The all-important moment of recovery comes when we commit. When we commit to make the changes we need to make to live differently. Most everybody who sins sexually gets to Step Zero. At some point everybody faces the fallout of their actions, even if it’s only an internal sense of being disappointed with oneself. Many people get there quite often. But we start recovery when we realize that we need outside help – God’s help administered through a program of recovery – and start to pursue it. Fewer people get there.
I came across an email that pastor Rick Warren sent out to people in his church. What he has to say about change – and the reasons we find it hard – are great reminders we can apply to recovery. Listen to what he has to say:
“Change requires making choices. It’s not enough to dream of changing. It’s not enough to desire change. In order for you to change, you will need to make a decision. You must choose to change.

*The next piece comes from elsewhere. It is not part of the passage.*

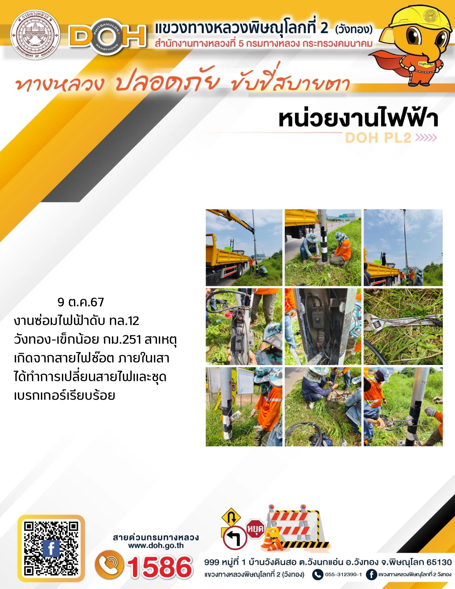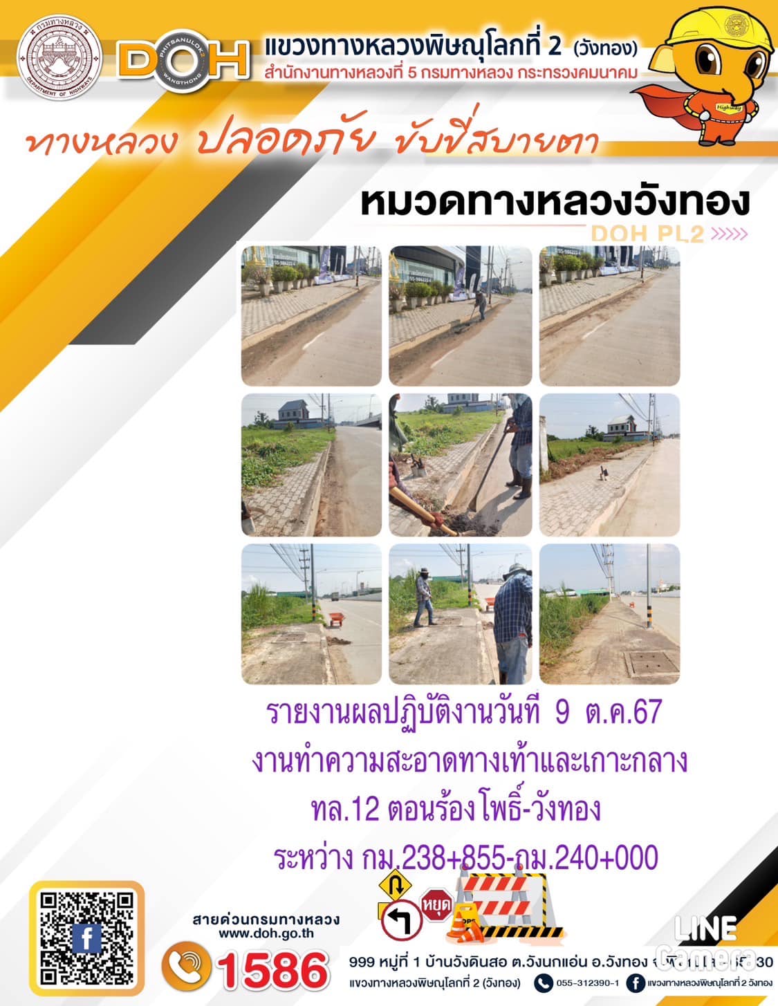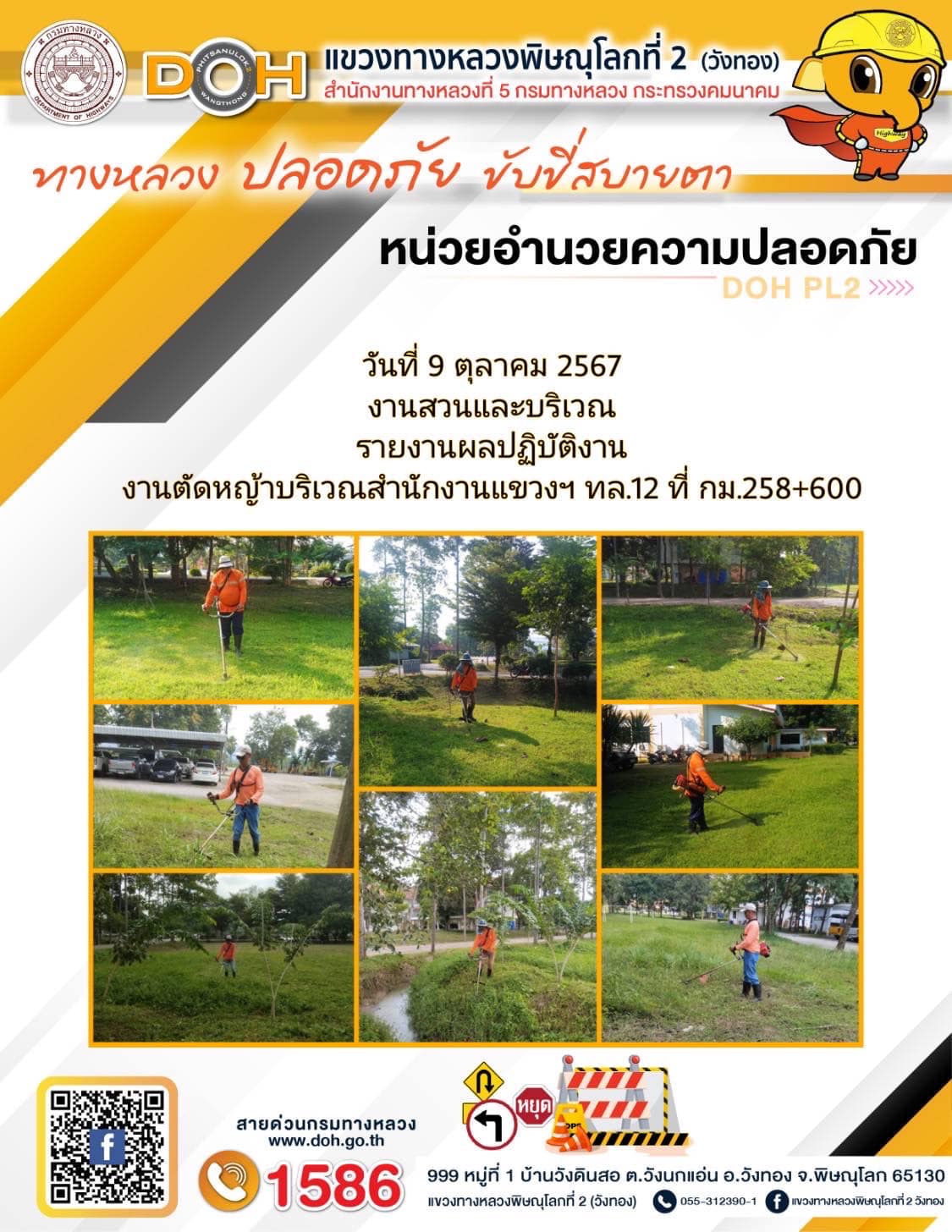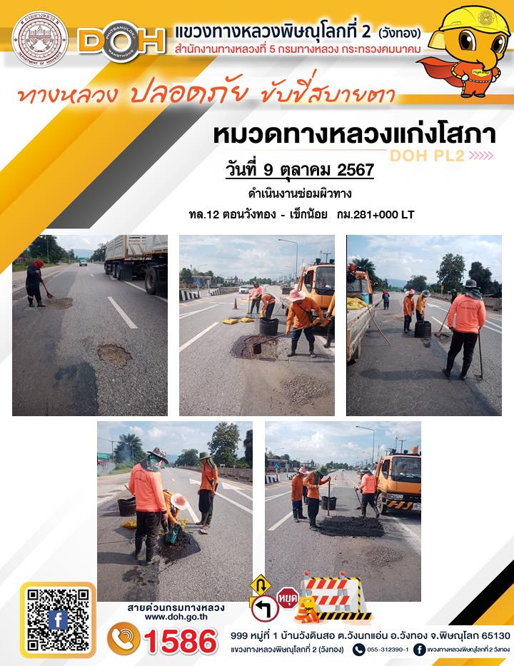 การปฏิบัติงานของ หมวดทางหลวง และ หน่วยงานในสังกัด เพื่ออำนวยความสะดวก และปลอดภัยให้กับประชาชนผู้ใช้เส้นทาง ประจำ วันพุธ ที่ 9 ตุลาคม 2567
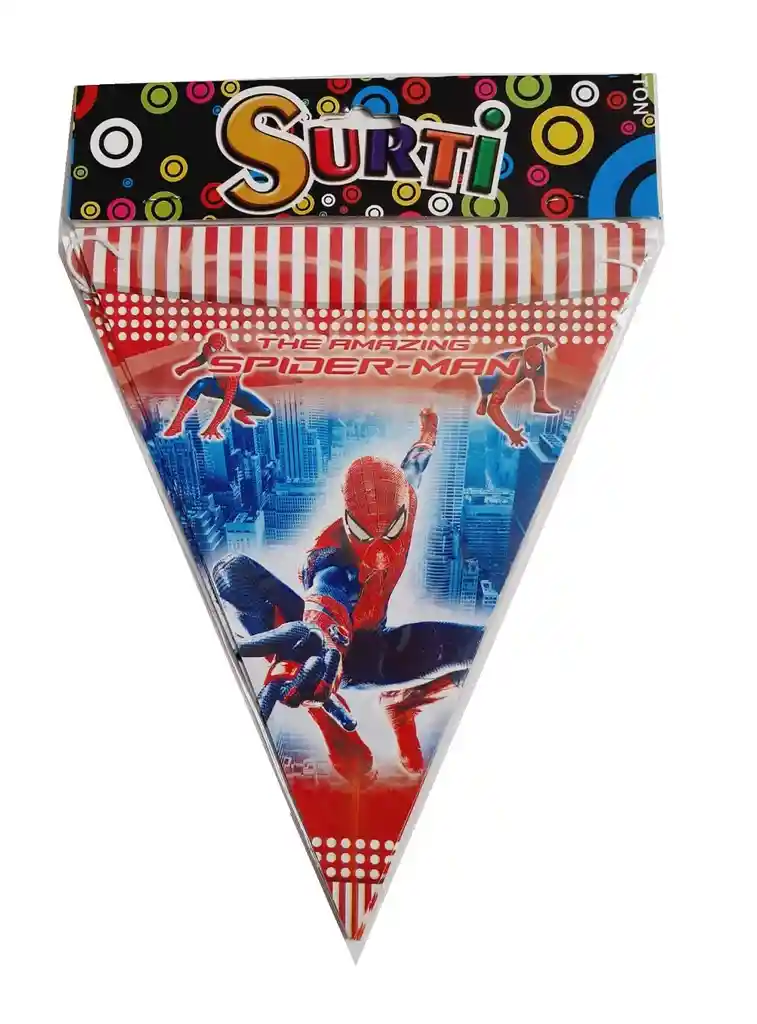 🚩 Banderines elaborados en cartón estampado de motivo Spiderman Cada banderín mide 22 cm de largo x 17 cm de ancho El paquete viene x 8 banderines

Change is intentional: Are you going to be any different in six months? Are you going to be better a year from now? Are you going to be healthier, stronger, and more mature? Are you going to be happier? Are you going to be less in debt? Are you going to be more like God wants you to be?
I can tell you the answer right now: It will only happen if you choose to change, because it isn’t going to happen accidentally. … It requires a choice.
A lot of times we think we’re waiting on God to change us. No, you are not waiting on God. God is waiting on you. He’s waiting on you to say, “Yes, Lord, I’m willing to make these changes.” (Rick Warren, DAILY HOPE, Jul 22, 2011)
Well said! Are there some things you need to change about yourself, about your life, about your marriage? What are you waiting for?